The decision classifier has an attribute called ``tree_`` which allows access
to low level attributes such as ``node_count``, the total number of nodes,
and ``max_depth``, the maximal depth of the tree. The
``tree_.compute_node_depths()`` method computes the depth of each node in the
tree. `tree_` also stores the entire binary tree structure, represented as a
number of parallel arrays. The i-th element of each array holds information
about the node ``i``. Node 0 is the tree's root. Some of the arrays only
apply to either leaves or split nodes. In this case the values of the nodes
of the other type is arbitrary. For example, the arrays ``feature`` and
``threshold`` only apply to split nodes. The values for leaf nodes in these
arrays are therefore arbitrary.

Among these arrays, we have:

  - ``children_left[i]``: id of the left child of node ``i`` or -1 if leaf
    node
  - ``children_right[i]``: id of the right child of node ``i`` or -1 if leaf
    node
  - ``feature[i]``: feature used for splitting node ``i``
  - ``threshold[i]``: threshold value at node ``i``
  - ``n_node_samples[i]``: the number of training samples reaching node
    ``i``
  - ``impurity[i]``: the impurity at node ``i``
  - ``weighted_n_node_samples[i]``: the weighted number of training samples
    reaching node ``i``
  - ``value[i, j, k]``: the summary of the training samples that reached node i for
    class j and output k.

Using the arrays, we can traverse the tree structure to compute various
properties.

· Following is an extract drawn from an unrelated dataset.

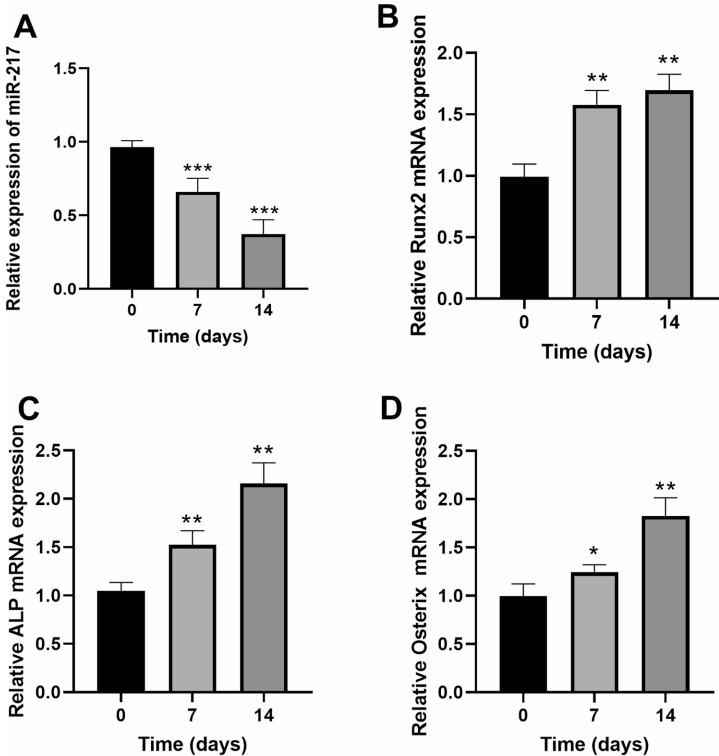 RT-qPCR显示,随着MC3T3-E1细胞成骨分化,miR-217表达呈时间依赖性下降(***

Below, we will compute the depth of each node and whether or not
it is a leaf.

.. GENERATED FROM PYTHON SOURCE LINES 76-129

.. code-block:: default


    n_nodes = clf.tree_.node_count
    children_left = clf.tree_.children_left
    children_right = clf.tree_.children_right
    feature = clf.tree_.feature
    threshold = clf.tree_.threshold
    values = clf.tree_.value

    node_depth = np.zeros(shape=n_nodes, dtype=np.int64)
    is_leaves = np.zeros(shape=n_nodes, dtype=bool)
    stack = [(0, 0)]  # start with the root node id (0) and its depth (0)
    while len(stack) > 0:
        # `pop` ensures each node is only visited once
        node_id, depth = stack.pop()
        node_depth[node_id] = depth

        # If the left and right child of a node is not the same we have a split
        # node
        is_split_node = children_left[node_id] != children_right[node_id]
        # If a split node, append left and right children and depth to `stack`
        # so we can loop through them
        if is_split_node:
            stack.append((children_left[node_id], depth + 1))
            stack.append((children_right[node_id], depth + 1))
        else:
            is_leaves[node_id] = True

    print(
        "The binary tree structure has {n} nodes and has "
        "the following tree structure:\n".format(n=n_nodes)
    )
    for i in range(n_nodes):
        if is_leaves[i]:
            print(
                "{space}node={node} is a leaf node with value={value}.".format(
                    space=node_depth[i] * "\t", node=i, value=values[i]
                )
            )
        else:
            print(
                "{space}node={node} is a split node with value={value}: "
                "go to node {left} if X[:, {feature}] <= {threshold} "
                "else to node {right}.".format(
                    space=node_depth[i] * "\t",
                    node=i,
                    left=children_left[i],
                    feature=feature[i],
                    threshold=threshold[i],
                    right=children_right[i],
                    value=values[i],
                )
            )





.. rst-class:: sphx-glr-script-out

 .. code-block:: none

    The binary tree structure has 5 nodes and has the following tree structure:

    node=0 is a split node with value=[[37. 34. 41.]]: go to node 1 if X[:, 3] <= 0.800000011920929 else to node 2.
            node=1 is a leaf node with value=[[37.  0.  0.]].
            node=2 is a split node with value=[[ 0. 34. 41.]]: go to node 3 if X[:, 2] <= 4.950000047683716 else to node 4.
                    node=3 is a leaf node with value=[[ 0. 33.  3.]].
                    node=4 is a leaf node with value=[[ 0.  1. 38.]].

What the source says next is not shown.